▶ **Directions**
Taking only the lines of the data below from the line with "Obs. Blå, gul" to the line with "Read moreThis was", ends included, write them out exactly and without pictures.

▶ **Extracted material**
==*==
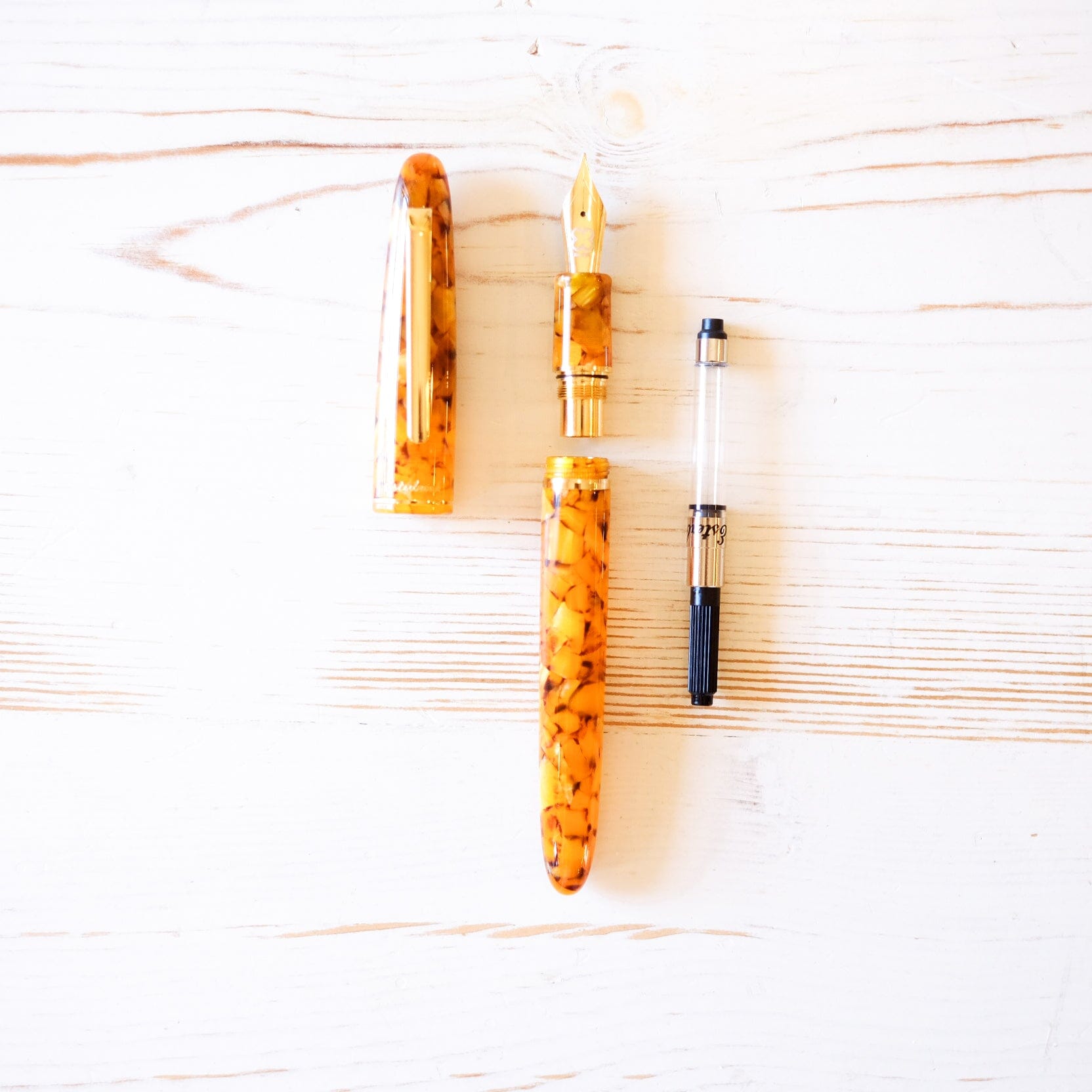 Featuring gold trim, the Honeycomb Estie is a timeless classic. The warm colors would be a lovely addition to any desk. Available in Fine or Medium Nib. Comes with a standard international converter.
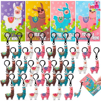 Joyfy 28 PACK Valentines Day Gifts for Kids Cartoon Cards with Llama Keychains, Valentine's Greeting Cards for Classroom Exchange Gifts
==*==
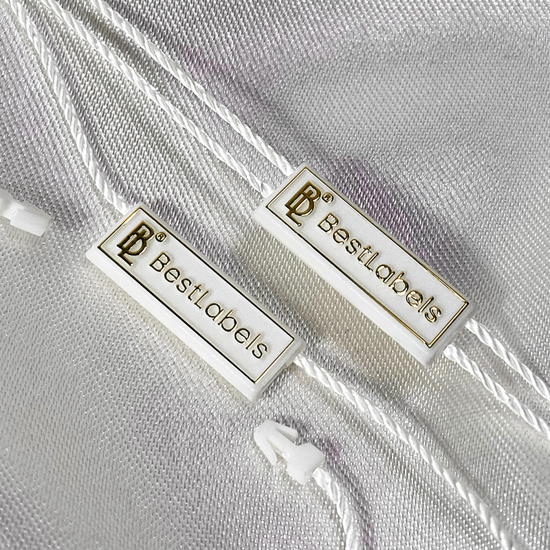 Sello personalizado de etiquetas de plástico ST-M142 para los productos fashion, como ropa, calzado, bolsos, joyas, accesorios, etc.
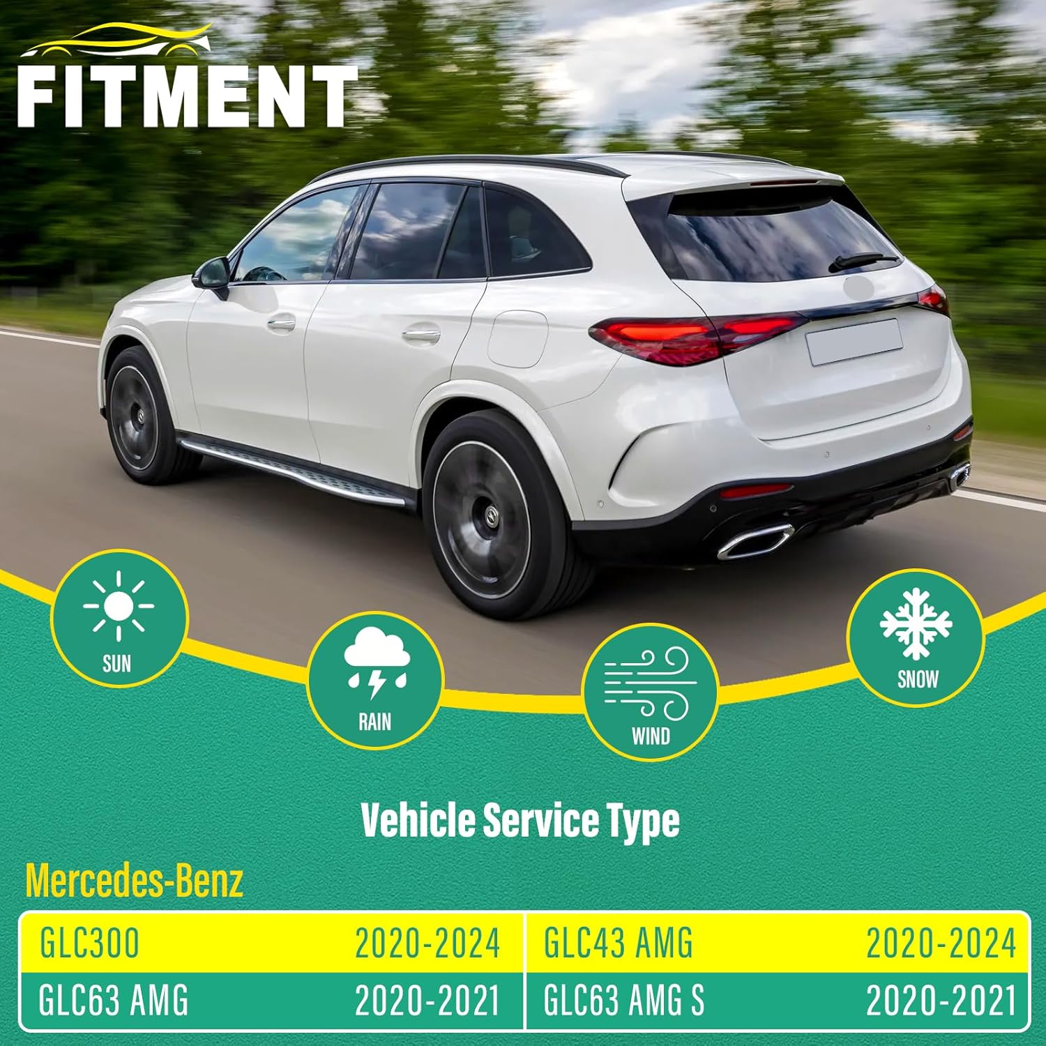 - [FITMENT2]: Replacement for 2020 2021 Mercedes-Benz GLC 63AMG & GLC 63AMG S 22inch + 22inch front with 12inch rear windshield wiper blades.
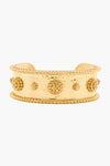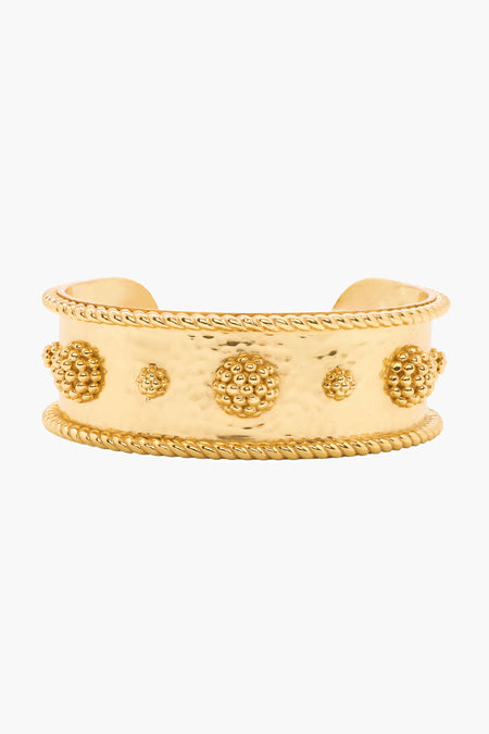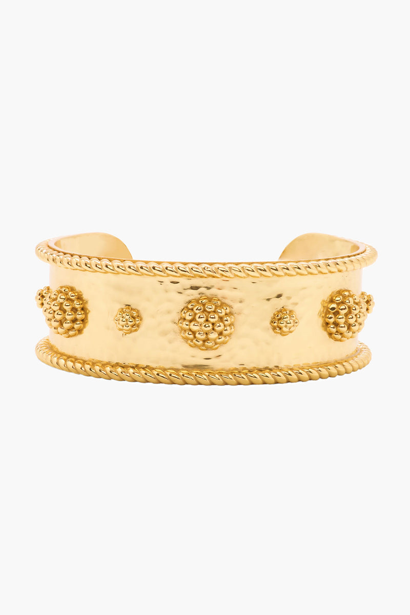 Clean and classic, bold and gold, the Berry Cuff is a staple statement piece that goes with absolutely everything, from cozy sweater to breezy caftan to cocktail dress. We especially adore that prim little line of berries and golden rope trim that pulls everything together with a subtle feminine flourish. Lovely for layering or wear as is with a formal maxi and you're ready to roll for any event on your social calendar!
==*==
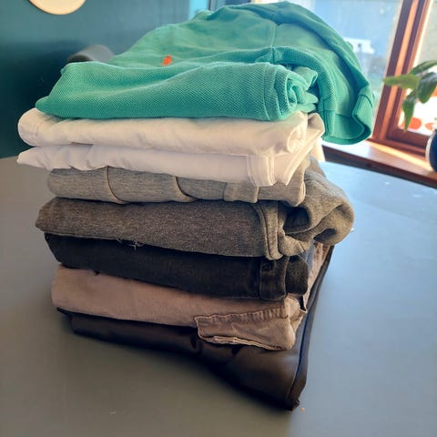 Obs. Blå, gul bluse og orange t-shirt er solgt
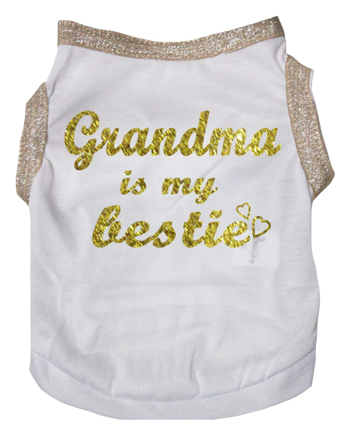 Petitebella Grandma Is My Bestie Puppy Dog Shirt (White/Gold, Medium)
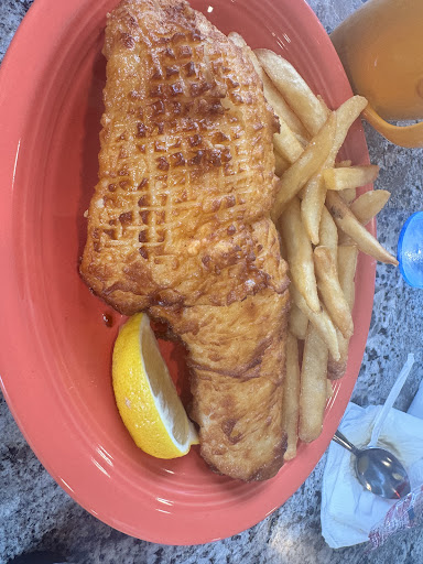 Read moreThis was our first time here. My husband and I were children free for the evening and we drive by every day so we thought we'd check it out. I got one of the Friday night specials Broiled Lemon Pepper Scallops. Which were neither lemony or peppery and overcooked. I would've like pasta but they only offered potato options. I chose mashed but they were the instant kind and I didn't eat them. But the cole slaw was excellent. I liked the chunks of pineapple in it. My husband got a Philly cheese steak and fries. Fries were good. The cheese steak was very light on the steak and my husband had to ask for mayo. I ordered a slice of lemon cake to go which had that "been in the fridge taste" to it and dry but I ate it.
==*==
▶ **Result**
 Obs. Blå, gul bluse og orange t-shirt er solgt
 Petitebella Grandma Is My Bestie Puppy Dog Shirt (White/Gold, Medium)
 Read moreThis was our first time here. My husband and I were children free for the evening and we drive by every day so we thought we'd check it out. I got one of the Friday night specials Broiled Lemon Pepper Scallops. Which were neither lemony or peppery and overcooked. I would've like pasta but they only offered potato options. I chose mashed but they were the instant kind and I didn't eat them. But the cole slaw was excellent. I liked the chunks of pineapple in it. My husband got a Philly cheese steak and fries. Fries were good. The cheese steak was very light on the steak and my husband had to ask for mayo. I ordered a slice of lemon cake to go which had that "been in the fridge taste" to it and dry but I ate it.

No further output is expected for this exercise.